I think this is for schools to really understand, they know their children. I think this locally led recovery, but supported with the evidence supporting with the resources, this doesn’t come for free, and how you create those opportunities and how you support and reward teachers for doing it, and how you bring in potentially other people.

We’ve seen parents really play a new role in children’s learning. There’s something about a new engagement in the children’s learning which I think is interesting, which we would want to capture.

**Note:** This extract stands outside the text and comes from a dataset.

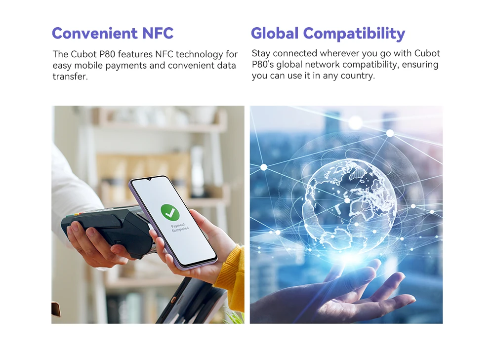 The Cubot P80 features NFC technology for easy mobile payments and convenient data transfer.

And critically, the way technology is really beginning to change education, new opportunities for learning through technology, through virtual classes, online learning – you can imagine that being provided in different times of the day and over the week. I think we need to break out of a slightly old-fashioned view of this. I think that Covid has shown us innovative ways, that schools are showing us actually that we need to capture to extend the learning time.

 

How do you think the National Tutoring Programme has done so far, and how do you think it can improve?

I think tutoring is definitely part of the suite of the menu and again, we need to make sure that schools are very much in control of this, they know the right children, they know how to line it up to the curriculum, again the technology helps your tutoring be aligned to what’s needed in the school, and the tutoring is much more closely aligned to school, I think that’s when it works best.

I think it’s a good first start but it’s only a first start to have those sort of programmes in place, but it was a very pragmatic and sensible reaction and provision that we could put into the system straightaway for that group for that large group of young people and more to come.

 

What does the evidence show is the best interventions for catch-up?

The very best intervention for catch up is to provide children with the highest quality teaching that you can offer. So this is why everything we do, must be underpinned by a commitment to support our teachers to be the best they can, to continue to invest in them, their professional development, that is undoubtedly the best catch up offer.

And then I think around that you can ask the question, what’s been the loss? What’s been the gap? Now, from diagnostic assessment people have to work that out, and then ask the question, how can we build that in? And I think that’s where you’re going to get to a broad range of activities. So, the best catch up is the one that’s locally informed, built on diagnostic assessment and driven, but at its heart by the best quality teaching we can provide in our schools.